→ Excerpts from a dataset:
○ ○ ○ ○

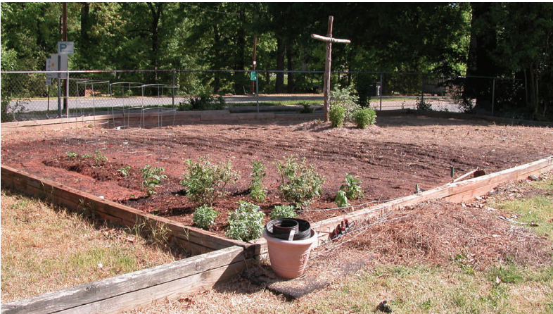
Our victory (over hunger) garden was recently planted behind the church. Volunteers turned out on a nice Thursday to make it happen. Watch for photos next month to see how your garden grows!
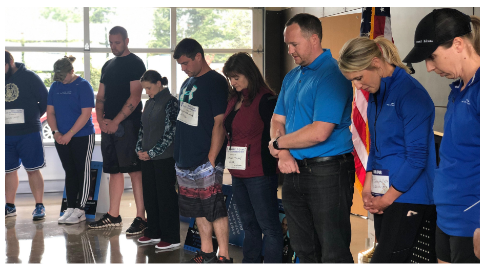
Runners, walkers and bike riders gather in a circle of remembrance and speak the name of the person they are running for before taking to the Yelm-Tenino Trail.
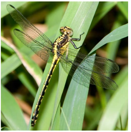
Riverine Clubtail Dragonfly
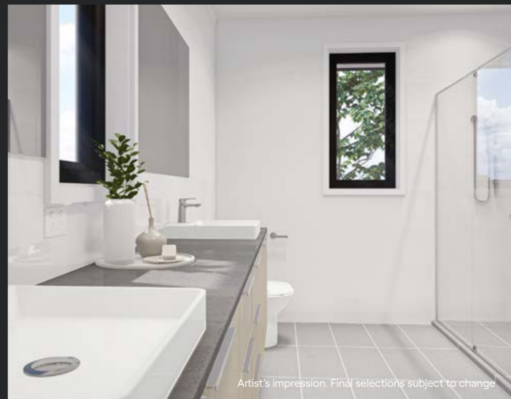
Artist's impression. Final selections subject to change
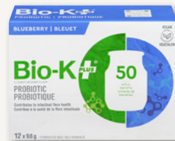
Bio-K Probiotics Assorted Varieties 12-Pack

Introducing Organika's newest electrolyte flavour - Iced Tea. In before summer, you can now hydrate all day every day and feel refreshed from the inside out. With no sugar, no caffeine, just pure thirst-quenching hydration. Our formula also contains prebiotic fibre that helps support the growth of beneficial flora, promoting overall gut health. Simply add to water for a tasty and hydrating drink with 0g of sugar.
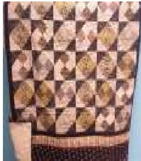
Amish hand stitched quilt 73"x66"
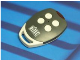
Ditec 4 channel remote

At 115mm wide the Ditec motors used for the TRU-DRIVE™ systems are the narrowest on the market making them perfect for those tricky installations. They come in a pre-wired standard kit with a hold to run switch, a pre-wired logic kit with remote and custom built 3 phase variable speed drives with advanced logic. All models are jack shaft mounted and have an emergency override function.
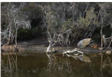
Reducing sediments and nutrients in the creeks within the Fitz-Stirling (above) will benefit the estuaries (below).
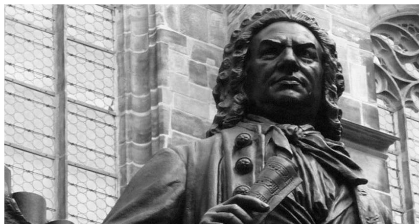
J. S. Bach (1685-1750), St Thomas Church, Leipzig
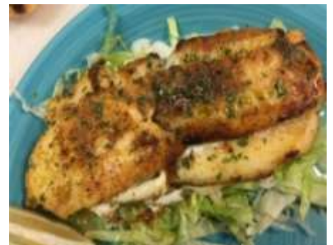
Baked Cod Dinner

(A bolder batter with a slight beer flavor)

○ ○ ○ ○

→ Directions: Pictures must not appear in the copy, and every record must be restated word for word.

→ Exercise solution:
Our victory (over hunger) garden was recently planted behind the church. Volunteers turned out on a nice Thursday to make it happen. Watch for photos next month to see how your garden grows!
Runners, walkers and bike riders gather in a circle of remembrance and speak the name of the person they are running for before taking to the Yelm-Tenino Trail.
Riverine Clubtail Dragonfly
Artist's impression. Final selections subject to change
Bio-K Probiotics Assorted Varieties 12-Pack

Introducing Organika's newest electrolyte flavour - Iced Tea. In before summer, you can now hydrate all day every day and feel refreshed from the inside out. With no sugar, no caffeine, just pure thirst-quenching hydration. Our formula also contains prebiotic fibre that helps support the growth of beneficial flora, promoting overall gut health. Simply add to water for a tasty and hydrating drink with 0g of sugar.
Amish hand stitched quilt 73"x66"
Ditec 4 channel remote

At 115mm wide the Ditec motors used for the TRU-DRIVE™ systems are the narrowest on the market making them perfect for those tricky installations. They come in a pre-wired standard kit with a hold to run switch, a pre-wired logic kit with remote and custom built 3 phase variable speed drives with advanced logic. All models are jack shaft mounted and have an emergency override function.
Reducing sediments and nutrients in the creeks within the Fitz-Stirling (above) will benefit the estuaries (below).
J. S. Bach (1685-1750), St Thomas Church, Leipzig
Baked Cod Dinner

(A bolder batter with a slight beer flavor)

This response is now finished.